-- DATA TO USE follows --

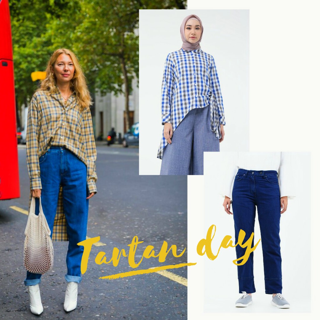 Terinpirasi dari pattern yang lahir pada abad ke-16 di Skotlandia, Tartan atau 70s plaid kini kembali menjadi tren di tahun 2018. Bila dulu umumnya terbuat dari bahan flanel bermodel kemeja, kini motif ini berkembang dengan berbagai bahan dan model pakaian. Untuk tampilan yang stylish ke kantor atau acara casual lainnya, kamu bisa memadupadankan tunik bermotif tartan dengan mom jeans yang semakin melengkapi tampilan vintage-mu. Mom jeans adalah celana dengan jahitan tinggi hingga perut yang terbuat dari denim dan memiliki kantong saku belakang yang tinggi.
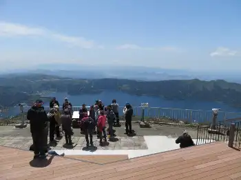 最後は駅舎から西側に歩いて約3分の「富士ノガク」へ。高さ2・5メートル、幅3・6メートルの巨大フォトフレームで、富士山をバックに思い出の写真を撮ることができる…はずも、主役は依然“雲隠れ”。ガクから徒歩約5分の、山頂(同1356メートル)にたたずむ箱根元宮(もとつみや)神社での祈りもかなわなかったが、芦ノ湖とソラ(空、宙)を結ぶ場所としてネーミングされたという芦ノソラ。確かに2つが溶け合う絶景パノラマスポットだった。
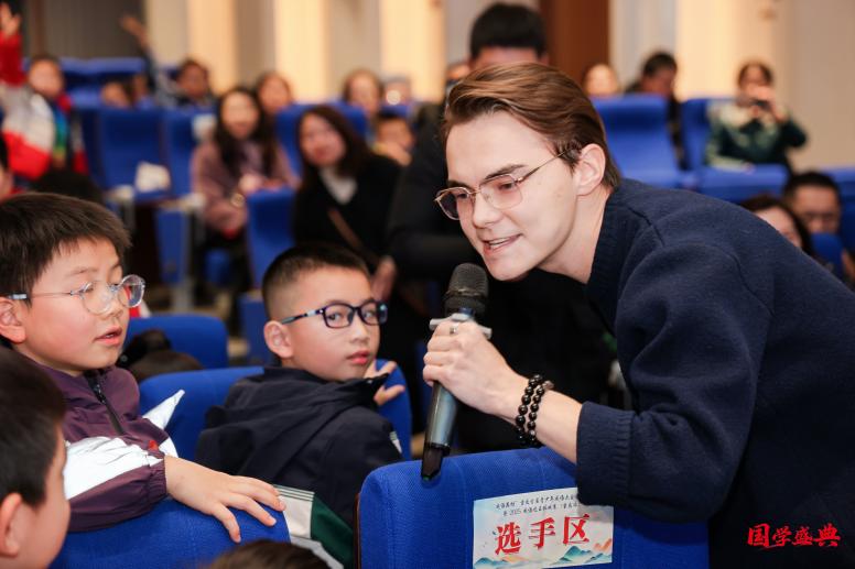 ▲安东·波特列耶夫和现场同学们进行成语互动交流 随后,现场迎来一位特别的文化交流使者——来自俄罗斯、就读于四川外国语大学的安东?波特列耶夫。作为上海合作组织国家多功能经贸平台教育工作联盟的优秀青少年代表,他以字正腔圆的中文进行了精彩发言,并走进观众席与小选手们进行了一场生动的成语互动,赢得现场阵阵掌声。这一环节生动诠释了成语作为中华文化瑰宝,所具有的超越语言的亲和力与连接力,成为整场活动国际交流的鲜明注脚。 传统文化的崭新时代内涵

-- DATA TO USE concluded --
-- DATA TO USE follows --

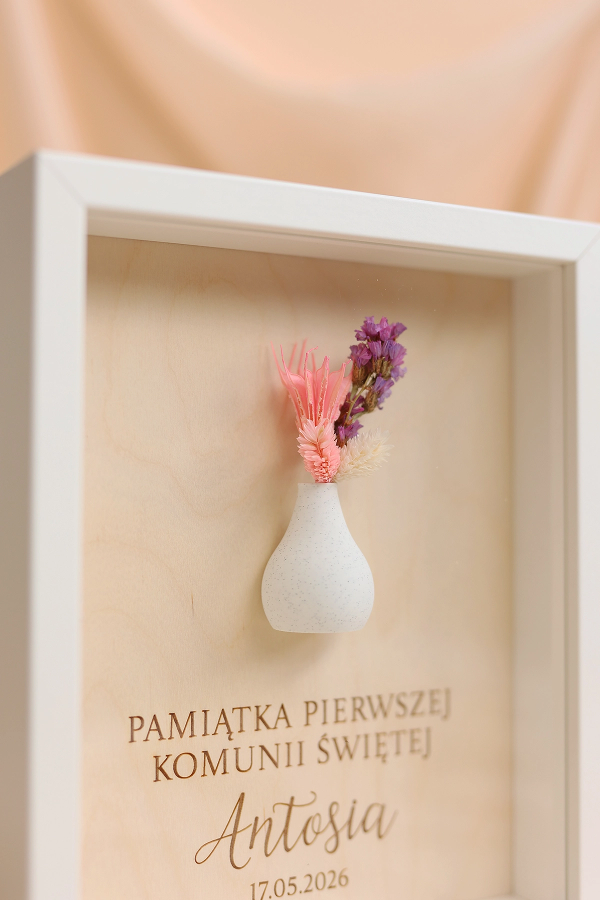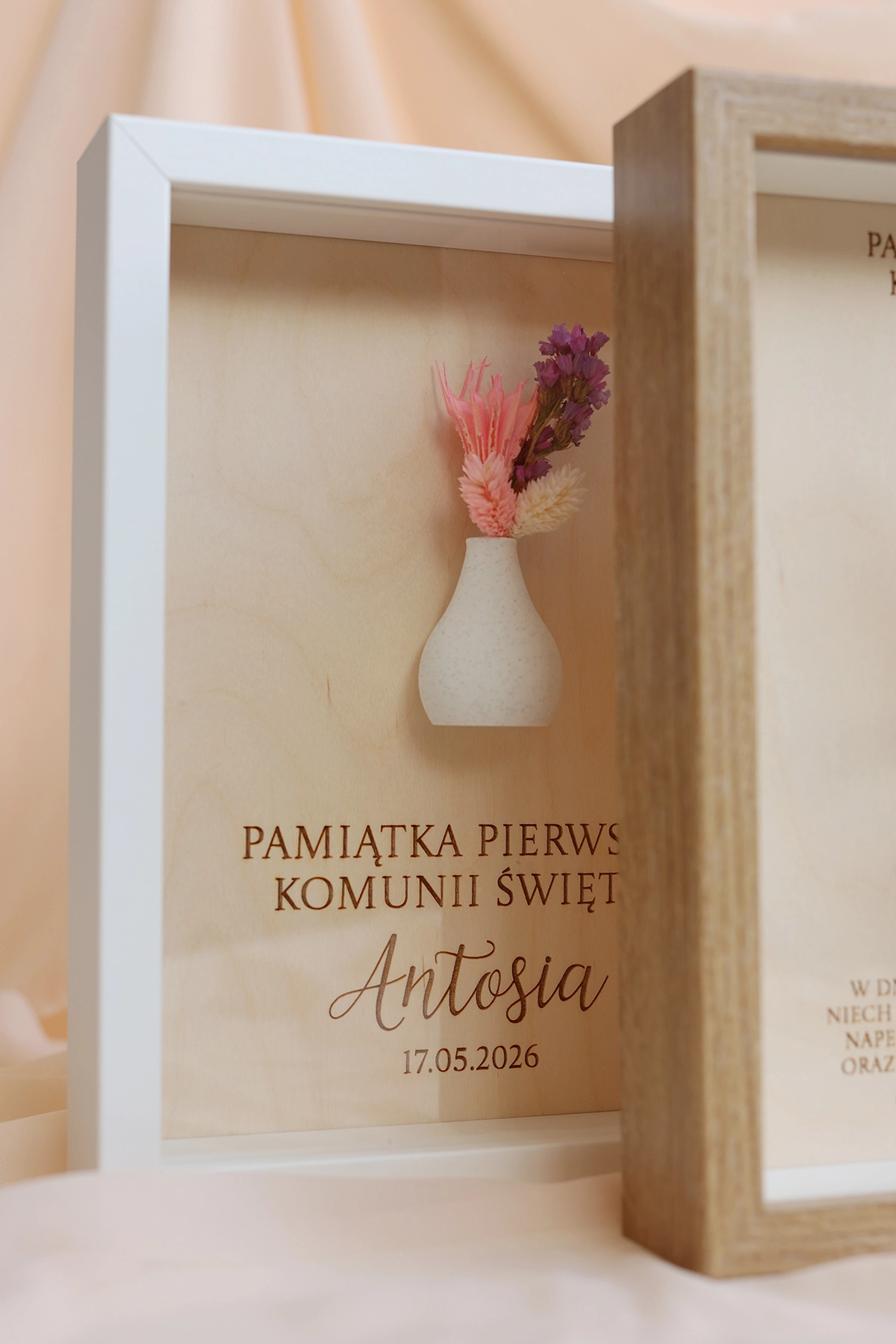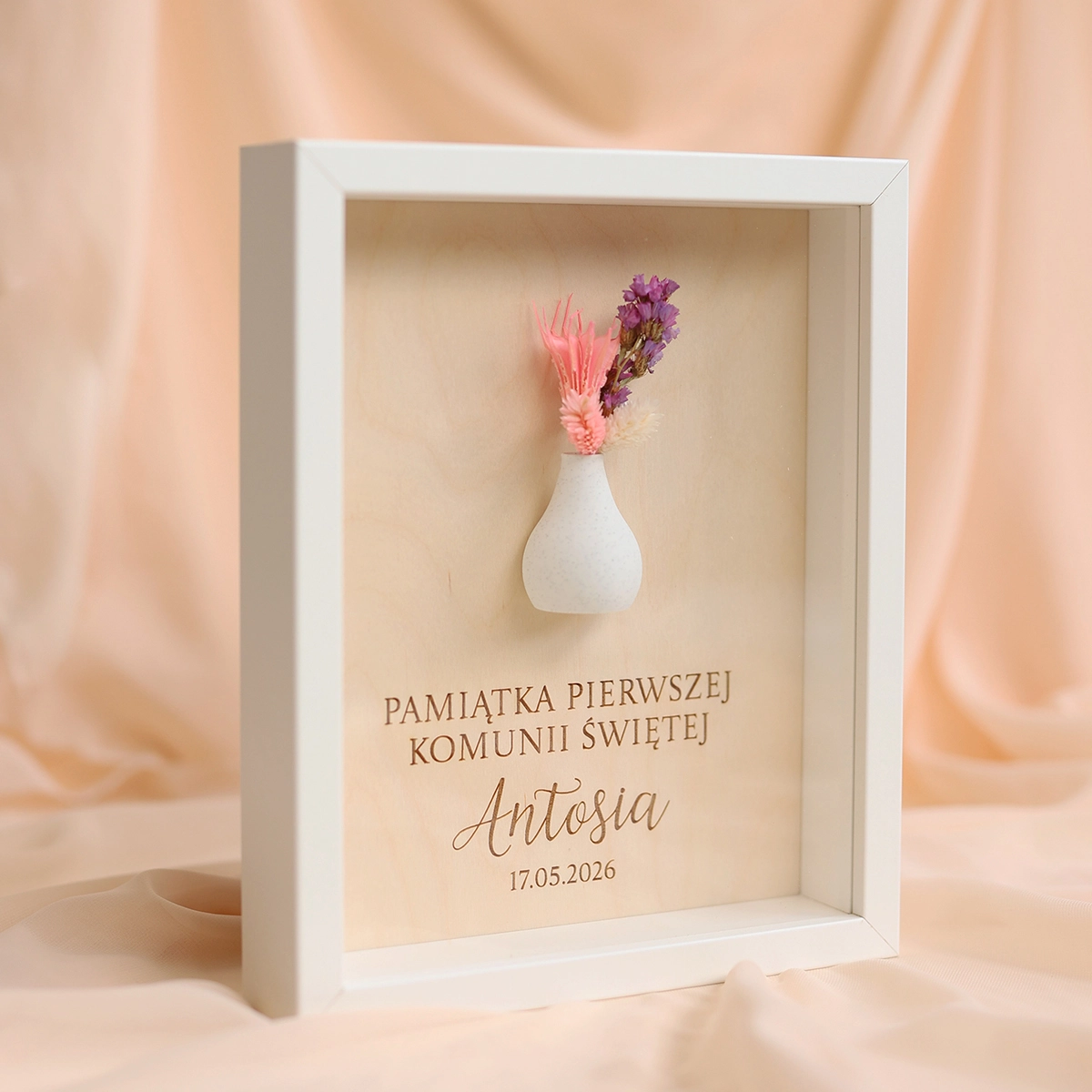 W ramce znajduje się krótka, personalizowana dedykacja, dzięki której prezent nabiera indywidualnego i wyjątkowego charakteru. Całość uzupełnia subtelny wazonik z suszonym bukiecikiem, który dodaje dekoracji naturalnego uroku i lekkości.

-- DATA TO USE concluded --
-- DATA TO USE follows --

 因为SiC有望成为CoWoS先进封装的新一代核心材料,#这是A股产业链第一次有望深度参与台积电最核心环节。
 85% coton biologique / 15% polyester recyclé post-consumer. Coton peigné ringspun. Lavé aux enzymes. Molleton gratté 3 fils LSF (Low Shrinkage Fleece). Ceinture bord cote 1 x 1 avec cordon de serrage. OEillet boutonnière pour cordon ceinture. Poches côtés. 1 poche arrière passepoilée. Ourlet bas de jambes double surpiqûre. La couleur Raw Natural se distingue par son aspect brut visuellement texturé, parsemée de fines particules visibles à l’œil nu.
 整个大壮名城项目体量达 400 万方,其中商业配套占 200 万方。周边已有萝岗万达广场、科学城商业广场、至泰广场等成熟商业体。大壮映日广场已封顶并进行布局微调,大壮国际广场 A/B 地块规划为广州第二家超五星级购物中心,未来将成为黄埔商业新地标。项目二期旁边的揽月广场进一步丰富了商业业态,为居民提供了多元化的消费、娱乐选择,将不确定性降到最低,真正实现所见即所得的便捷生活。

-- DATA TO USE concluded --

TRY IT –
Only one stretch of the listing above is to be duplicated: the lines from the one containing "Terinpirasi dari pattern" through the one containing "最後は駅舎から西側に歩いて約", both included. Copy them exactly, minus the pictures.

EXERCISE SOLUTION –
 Terinpirasi dari pattern yang lahir pada abad ke-16 di Skotlandia, Tartan atau 70s plaid kini kembali menjadi tren di tahun 2018. Bila dulu umumnya terbuat dari bahan flanel bermodel kemeja, kini motif ini berkembang dengan berbagai bahan dan model pakaian. Untuk tampilan yang stylish ke kantor atau acara casual lainnya, kamu bisa memadupadankan tunik bermotif tartan dengan mom jeans yang semakin melengkapi tampilan vintage-mu. Mom jeans adalah celana dengan jahitan tinggi hingga perut yang terbuat dari denim dan memiliki kantong saku belakang yang tinggi.
 最後は駅舎から西側に歩いて約3分の「富士ノガク」へ。高さ2・5メートル、幅3・6メートルの巨大フォトフレームで、富士山をバックに思い出の写真を撮ることができる…はずも、主役は依然“雲隠れ”。ガクから徒歩約5分の、山頂(同1356メートル)にたたずむ箱根元宮(もとつみや)神社での祈りもかなわなかったが、芦ノ湖とソラ(空、宙)を結ぶ場所としてネーミングされたという芦ノソラ。確かに2つが溶け合う絶景パノラマスポットだった。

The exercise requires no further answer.